Top of The input

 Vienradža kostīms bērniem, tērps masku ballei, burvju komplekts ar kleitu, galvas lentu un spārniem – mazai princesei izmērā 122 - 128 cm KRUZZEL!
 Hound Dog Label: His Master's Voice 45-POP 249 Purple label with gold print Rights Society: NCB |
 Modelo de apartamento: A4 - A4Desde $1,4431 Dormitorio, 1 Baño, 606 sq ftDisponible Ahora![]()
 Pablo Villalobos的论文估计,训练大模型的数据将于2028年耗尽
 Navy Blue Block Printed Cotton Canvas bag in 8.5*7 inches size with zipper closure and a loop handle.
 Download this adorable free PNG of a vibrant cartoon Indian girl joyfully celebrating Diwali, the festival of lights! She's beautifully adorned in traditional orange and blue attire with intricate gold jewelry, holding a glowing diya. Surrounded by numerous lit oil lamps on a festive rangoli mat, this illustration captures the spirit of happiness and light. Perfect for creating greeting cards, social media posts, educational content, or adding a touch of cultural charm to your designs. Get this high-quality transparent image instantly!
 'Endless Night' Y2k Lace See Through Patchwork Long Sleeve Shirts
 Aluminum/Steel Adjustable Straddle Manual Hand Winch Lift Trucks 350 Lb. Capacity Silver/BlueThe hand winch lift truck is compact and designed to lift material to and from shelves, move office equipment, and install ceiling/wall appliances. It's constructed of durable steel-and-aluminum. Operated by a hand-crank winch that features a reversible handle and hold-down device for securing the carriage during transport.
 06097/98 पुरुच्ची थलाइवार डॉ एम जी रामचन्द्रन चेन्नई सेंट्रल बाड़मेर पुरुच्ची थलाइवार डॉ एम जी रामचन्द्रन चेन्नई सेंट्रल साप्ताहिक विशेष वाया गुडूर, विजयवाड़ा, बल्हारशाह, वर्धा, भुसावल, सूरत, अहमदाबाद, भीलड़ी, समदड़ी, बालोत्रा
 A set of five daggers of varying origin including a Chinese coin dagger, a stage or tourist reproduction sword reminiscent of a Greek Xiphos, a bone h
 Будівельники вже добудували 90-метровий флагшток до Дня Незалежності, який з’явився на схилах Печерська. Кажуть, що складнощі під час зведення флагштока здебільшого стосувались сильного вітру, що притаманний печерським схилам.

Bottom of The input
Top of The input

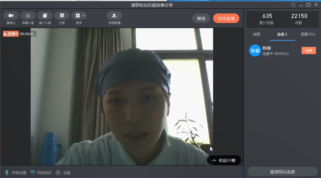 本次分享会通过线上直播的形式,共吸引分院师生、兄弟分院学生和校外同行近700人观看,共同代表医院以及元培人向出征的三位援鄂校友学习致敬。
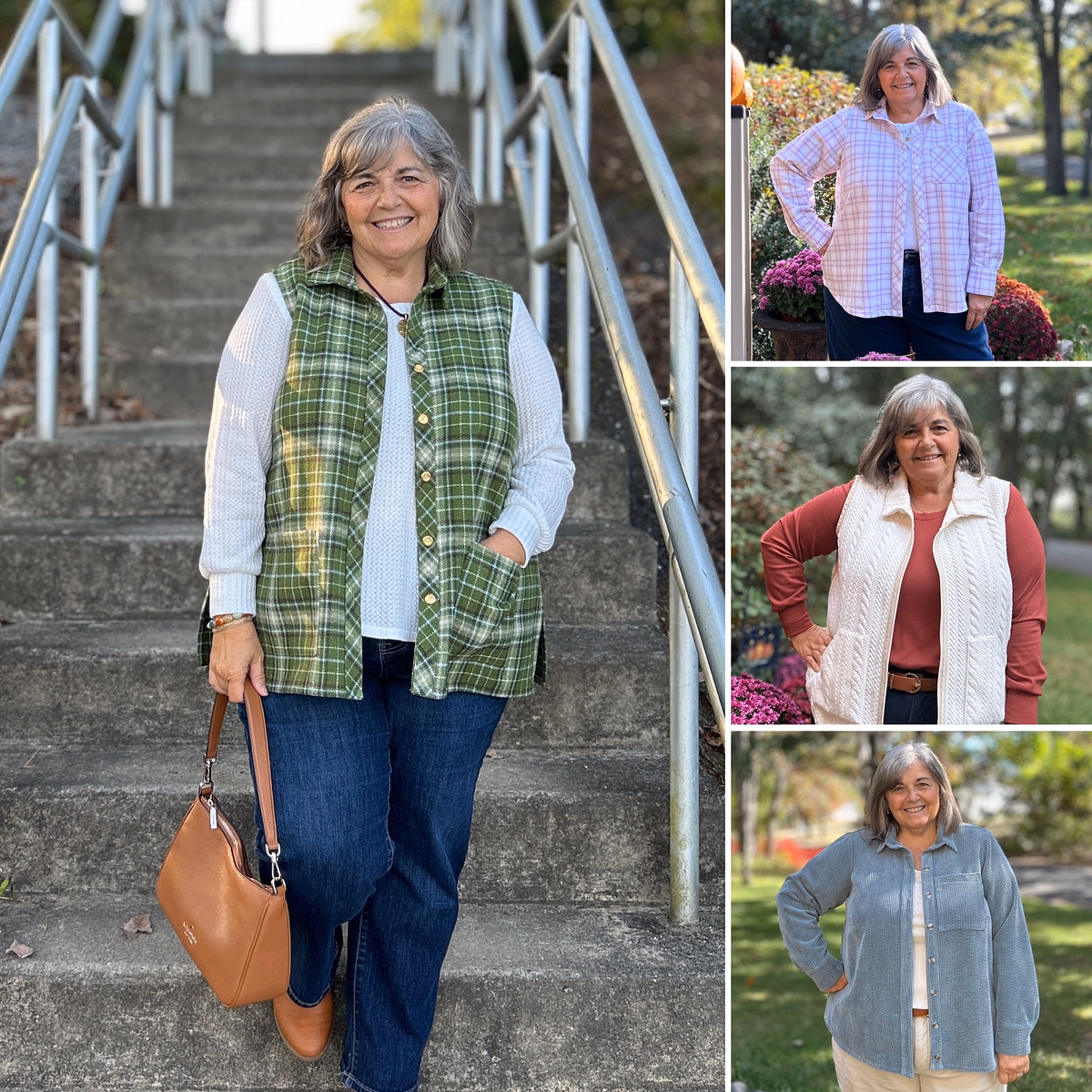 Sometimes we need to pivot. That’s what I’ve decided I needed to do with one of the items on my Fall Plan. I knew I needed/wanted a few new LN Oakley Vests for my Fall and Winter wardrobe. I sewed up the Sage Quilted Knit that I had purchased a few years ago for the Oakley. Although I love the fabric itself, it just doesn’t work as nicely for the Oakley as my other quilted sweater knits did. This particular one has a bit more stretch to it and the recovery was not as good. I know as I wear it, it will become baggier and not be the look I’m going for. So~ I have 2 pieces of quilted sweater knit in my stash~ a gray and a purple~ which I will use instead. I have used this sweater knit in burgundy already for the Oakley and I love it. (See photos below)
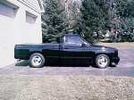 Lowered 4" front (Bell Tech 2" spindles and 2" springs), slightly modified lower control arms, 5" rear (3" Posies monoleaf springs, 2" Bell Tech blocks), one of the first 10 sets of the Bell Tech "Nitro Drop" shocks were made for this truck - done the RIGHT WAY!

Bottom of The input
Top of The input

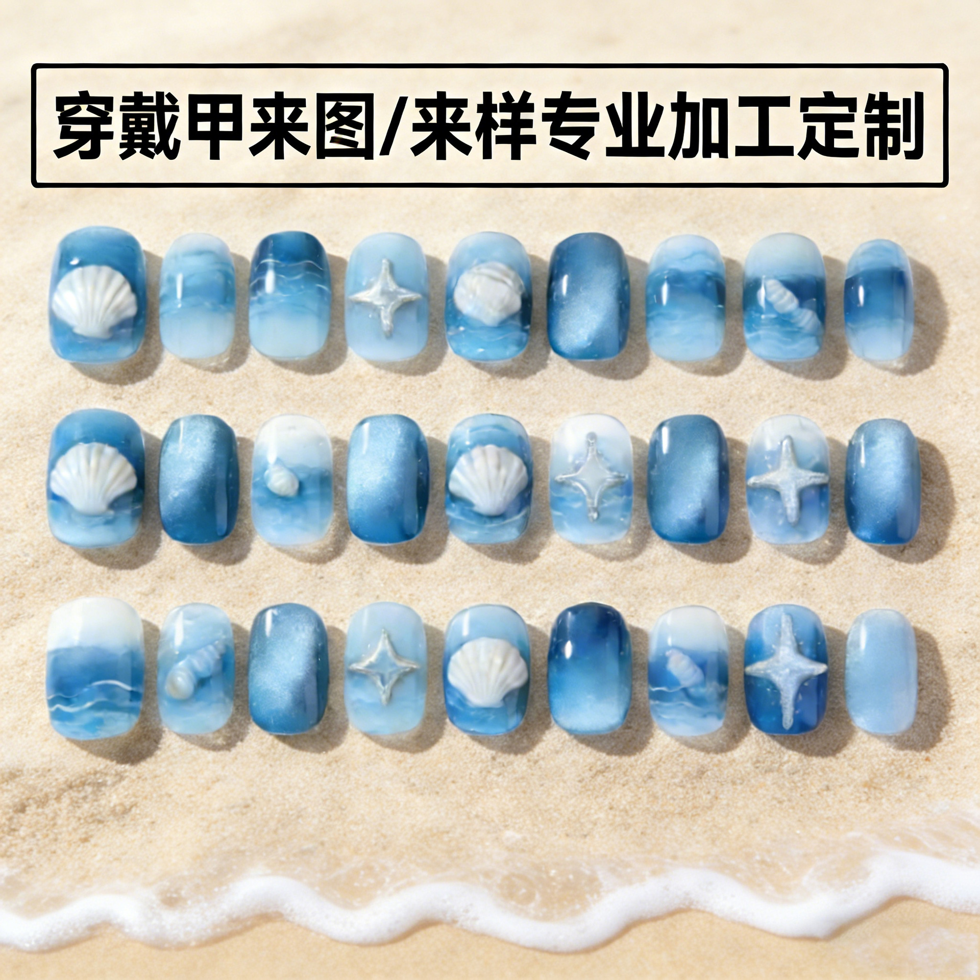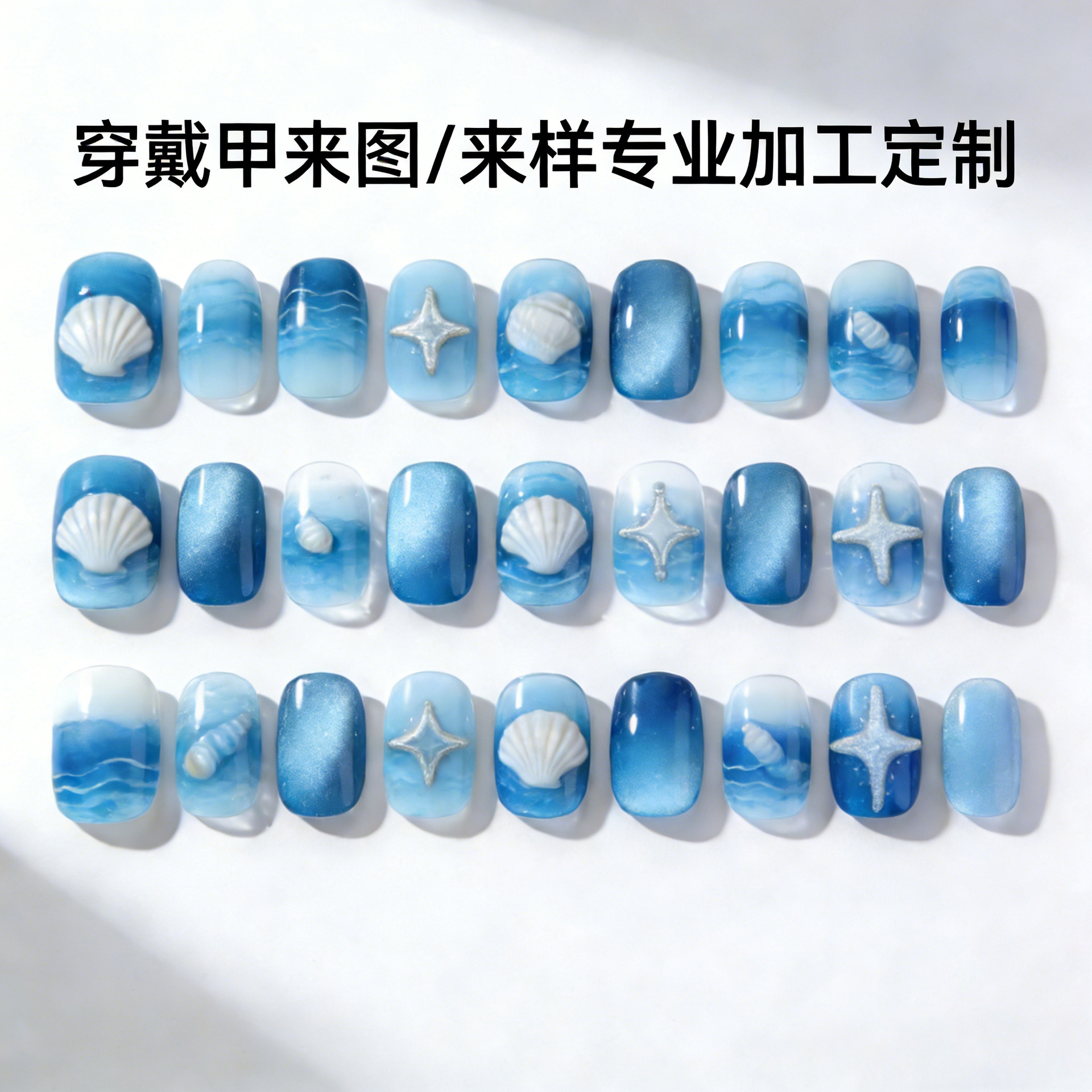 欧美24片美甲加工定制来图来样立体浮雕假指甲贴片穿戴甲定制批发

Bottom of The input

Begin with the line that has "Pablo Villalobos的论文估计,训练大模型的数据将于2028年耗尽" in the listing above and end after the line that has "A set of five"; output those lines exactly.

• _Answer to the problem_:
 Pablo Villalobos的论文估计,训练大模型的数据将于2028年耗尽
 Navy Blue Block Printed Cotton Canvas bag in 8.5*7 inches size with zipper closure and a loop handle.
 Download this adorable free PNG of a vibrant cartoon Indian girl joyfully celebrating Diwali, the festival of lights! She's beautifully adorned in traditional orange and blue attire with intricate gold jewelry, holding a glowing diya. Surrounded by numerous lit oil lamps on a festive rangoli mat, this illustration captures the spirit of happiness and light. Perfect for creating greeting cards, social media posts, educational content, or adding a touch of cultural charm to your designs. Get this high-quality transparent image instantly!
 'Endless Night' Y2k Lace See Through Patchwork Long Sleeve Shirts
 Aluminum/Steel Adjustable Straddle Manual Hand Winch Lift Trucks 350 Lb. Capacity Silver/BlueThe hand winch lift truck is compact and designed to lift material to and from shelves, move office equipment, and install ceiling/wall appliances. It's constructed of durable steel-and-aluminum. Operated by a hand-crank winch that features a reversible handle and hold-down device for securing the carriage during transport.
 06097/98 पुरुच्ची थलाइवार डॉ एम जी रामचन्द्रन चेन्नई सेंट्रल बाड़मेर पुरुच्ची थलाइवार डॉ एम जी रामचन्द्रन चेन्नई सेंट्रल साप्ताहिक विशेष वाया गुडूर, विजयवाड़ा, बल्हारशाह, वर्धा, भुसावल, सूरत, अहमदाबाद, भीलड़ी, समदड़ी, बालोत्रा
 A set of five daggers of varying origin including a Chinese coin dagger, a stage or tourist reproduction sword reminiscent of a Greek Xiphos, a bone h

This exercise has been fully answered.